頭上の数字を触ろうとしても、まるで蜃気楼のように揺らめくだけで消える事はない。
「それ、触れないと思うぜ?」
「で、でもよ……」
「おいおい、マスター。そんな心配しなくても、これは大したモノじゃねぇから気にすんなって!」
「それなら……フォグはその数字が何なのかわかってて、あの球を飲み込んだっていうのかよ!?」
「…………ああ、そうだぜ。ほら、数字は確かに出てるがよ、俺は全然平気そうだろ? 本当に大丈夫だからマスターは気にすんな!」
気にするなと言われても、流石に無理だろ……。
確かに声だけ聞けばいつものフォグなのだけど、その弱ってる姿は全然大丈夫そうには見えない。
でも、本当にフォグが理解してあの球体を取り込んだとしたら……? それならきっとアレは、本当に死ぬようなモノじゃないのかもしれない。
それに俺はいつも『俺を庇って死ぬのはやめろ』と、約束してるし……だから今回もフォグの言う通りきっと大丈夫、なんだよな?
「……はぁ、わかったよ。

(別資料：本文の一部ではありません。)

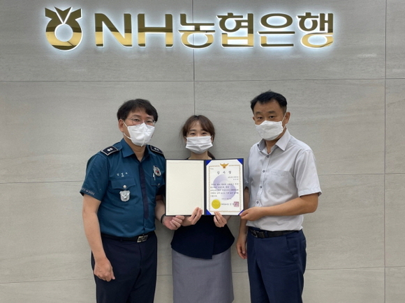 NH농협은행 경남영업본부는 진해지점의 천년송 계장이 보이스피싱 금융사기예방공로로 진해경찰서로부터 감사장을 받았다고 6일 밝혔다. 천 계장은 올해 4월에 입사한 신규직원으로 고객의 소중한 자산을 보호한 것으로 알려졌다.
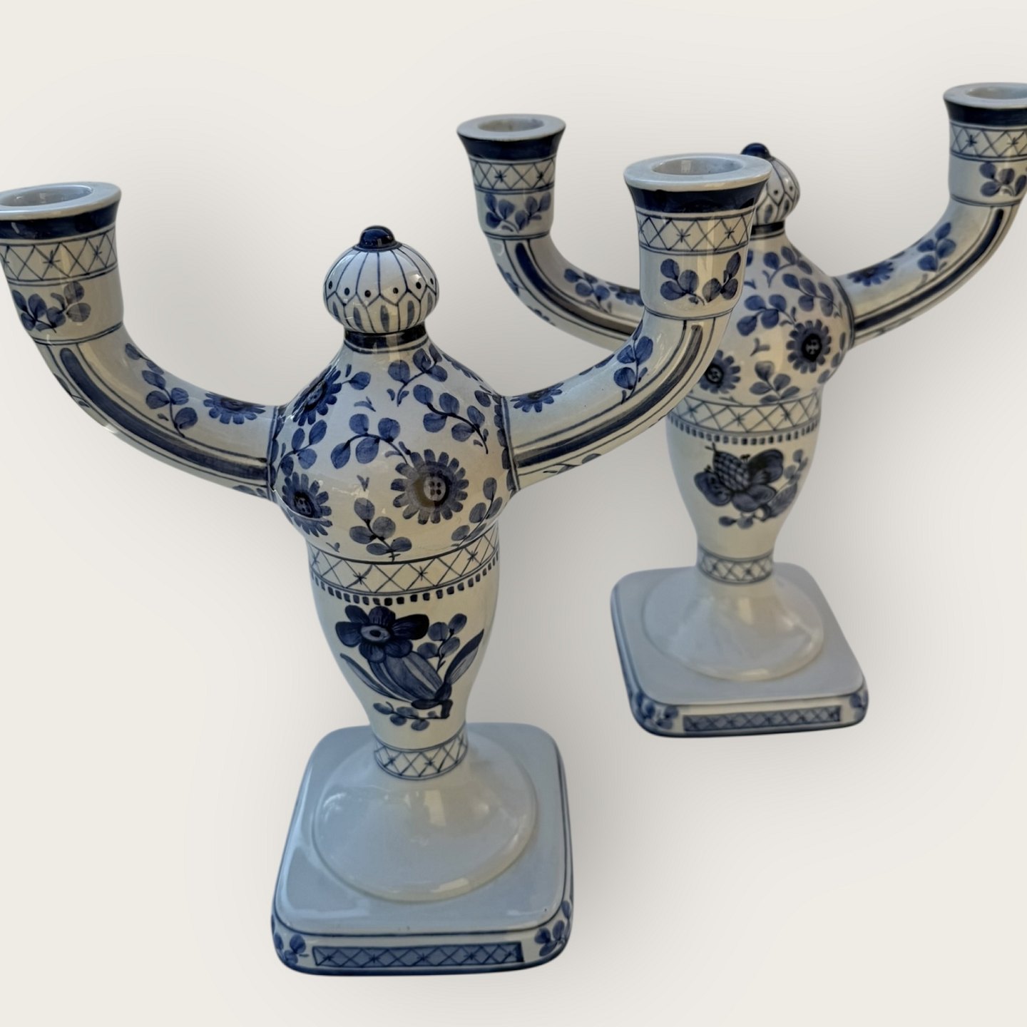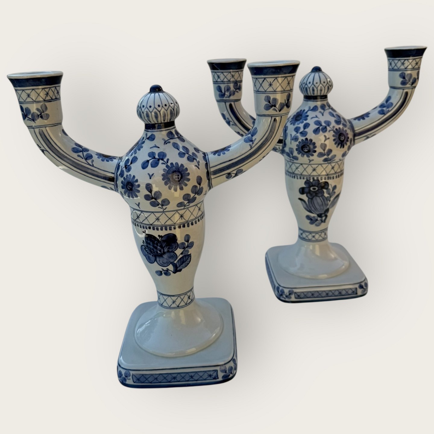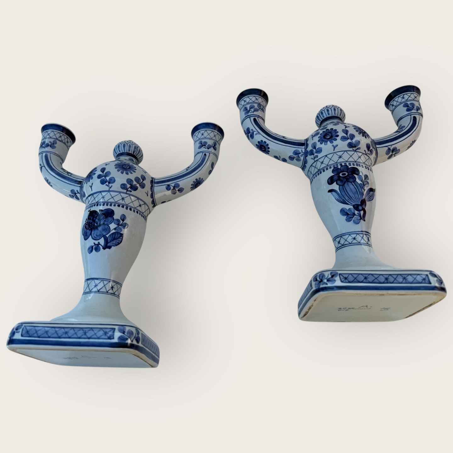 Description: Royal Copenhagen, Aluminia, Tranquebar A set of 2-armed candlesticks, #3037/919, a few small cracks under the glaze, otherwise very good condition, 1st grade, design Christian Joachim, Dimensions for one candlestick: Height 25.5cm, width 22cm, sold together.
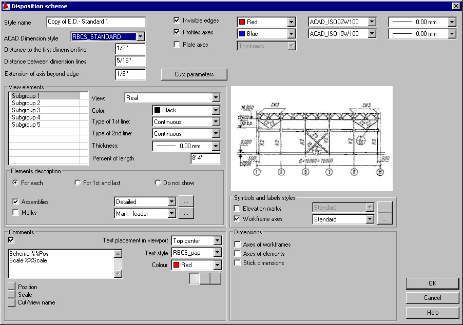 Use the Disposition scheme dialog to define a new style or to modify an existing dimensioning style for the disposition scheme (a group of elements constituting a structure model).
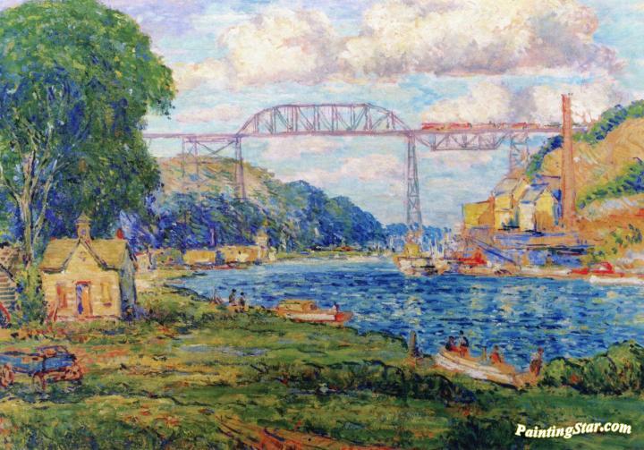 Railroad Bridge Near Rondout, New York, Art Painting by Reynolds Beal
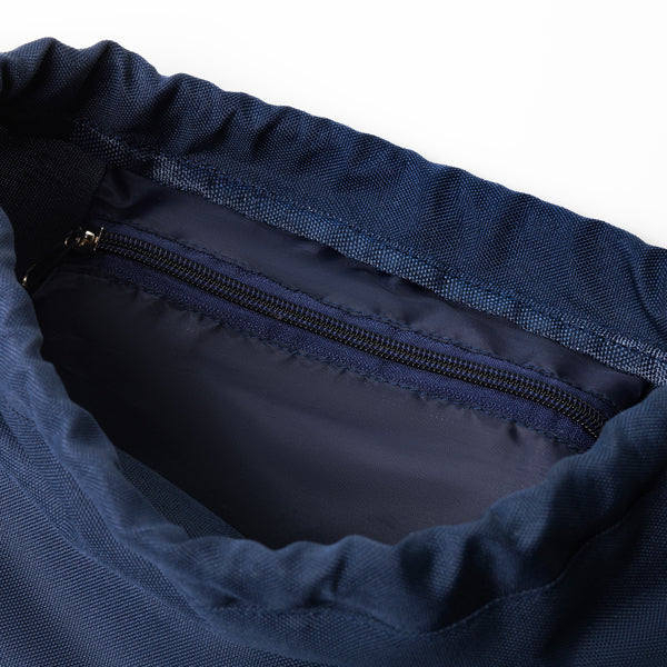 Mochila deportiva de diseño plano, ideal para personalizar. Fabricada en 100% poliéster 600D de 150 g/m², cuenta con cordones planos a tono y práctico bolsillo interior con cremallera para guardar objetos de forma segura.
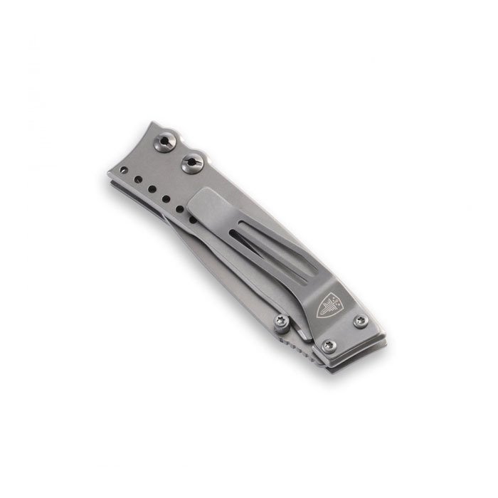 Tam potansiyelini görmek için: 70 mm uzunluğunun hemen altındaki damla noktası bıçağı, gri bir titanyum kaplamaya sahiptir ve bir kasa kilidi ile güvenli bir şekilde yerinde kalır. Tek elle açmanıza izin verir, sadece 71 gram ağırlığındadır ve cep klipsiyle uzun süreler boyunca taşımayı kolaylaştırır.
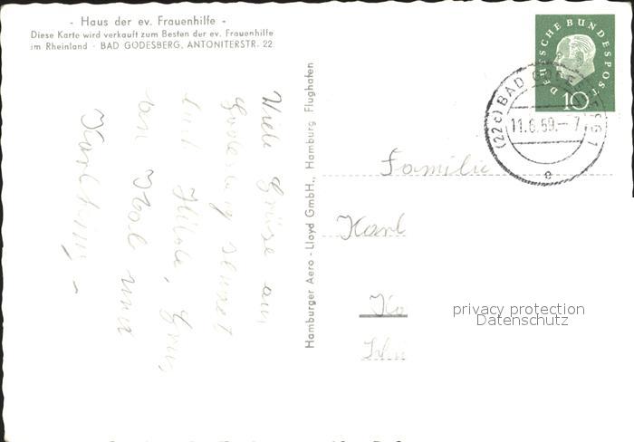 72069743 alte Postkarte Bad Godesberg Haus der ev. Frauenhilfe Fliegeraufnahme postalisch gelaufen Erhaltung siehe scans KatCode: 11110005314000
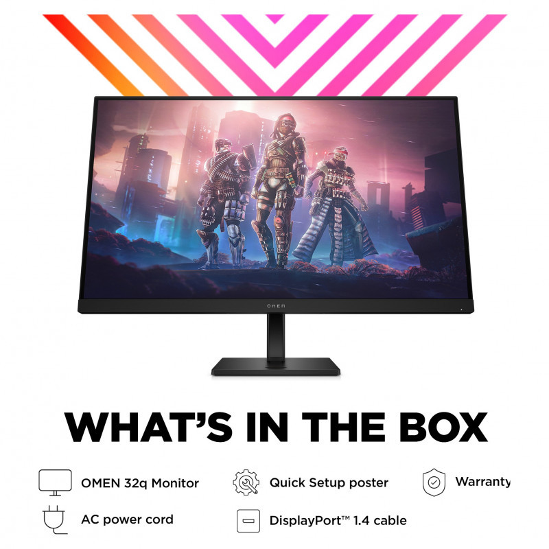 "OMEN by HP OMEN by 31.5 inch QHD 165Hz Gaming Monitor - OMEN 32q. Display diagonal: 80 cm (31.5""), Display resolution: 2560 x 1440 pixels, HD type: Quad HD, Display technology: LCD, Display surface: Matt, Response time: 1 ms, Native aspect ratio: 16:9, Viewing angle, horizontal: 178°, Viewing angle, vertical: 178°. VESA mounting, Height adjustment. Product colour: Black"\n"TAKE YOUR FUN UP A NOTCH
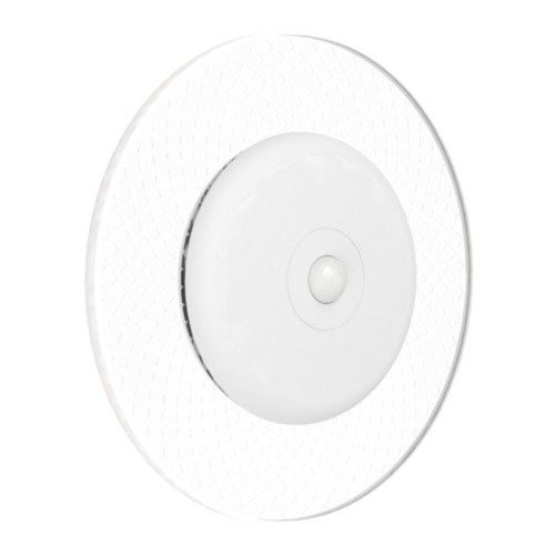 A lámpa burkolata acélból készült, fehér színű, míg az átlátszó műanyag búra elegáns megjelenést kölcsönöz. Az IP20 védettségű lámpa beltéri környezetben ajánlott, kiváló esztétikai értéket képvisel. A mozgásérzékelő automatikusan aktiválja a világítást, amely lapszöge 100°, így széles területet képes megvilágítani.
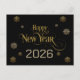 Elegant Black Gold Happy New Year 2026 snowflakes Postcard
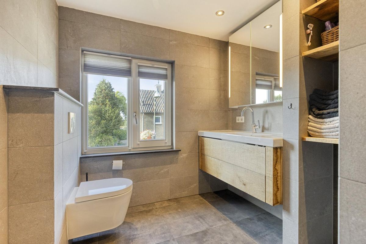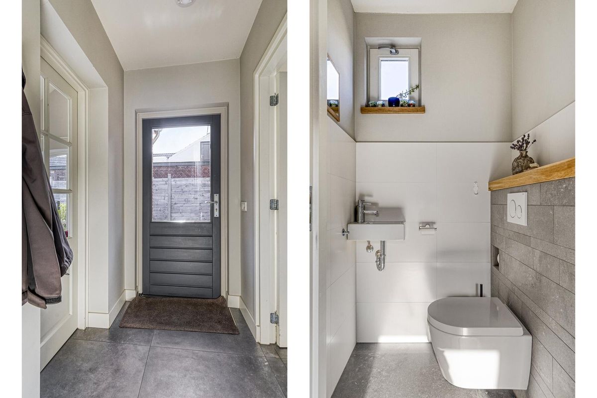 Grenzend aan de keuken bevindt zich de achter entree met toegang tot de tuin, de moderne toiletruimte met wandcloset en fontein, én de multifunctionele tuinkamer.
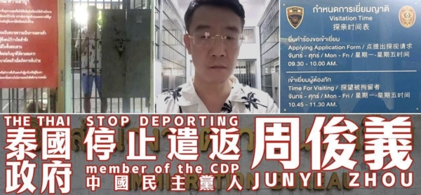 【大纪元2025年10月08日讯】(大纪元记者宁海钟、顾晓华采访报导)中国政治流亡人士周俊义近四个月前在泰国被当地警方以签证违规为由逮捕,面临遣返风险,海外民运界持续关注。这次事件被认为是中共跨国镇压的案例之一。知情者指,泰国早已不是中国流亡者的避风港了。

気にしないってのは完全には無理だけどさ、俺はフォグを信じてるからな」
「……ああ、それでいいんだぜ」
「でも一つだけ、その上の数字についてだけは後で詳しく聞かせてもらうからな」
「それについては、帰ってから…………くっ」
「フォグ!?」
「いや、なんでもねぇから気にすんじゃねぇぜ」
そう言うフォグはやはり何処か苦しそうで、俺にはフォグが何かを誤魔化す為に笑っているようにしか見えなかった。
でもフォグは大丈夫だと言ってるし、もう少し様子を見るしかないよな……。
そう思いながら無意識にフォグのフカフカの毛に頭を突っ込んだ俺は、その毛を触る事でこの不安を一時的に払拭させるしかなかった。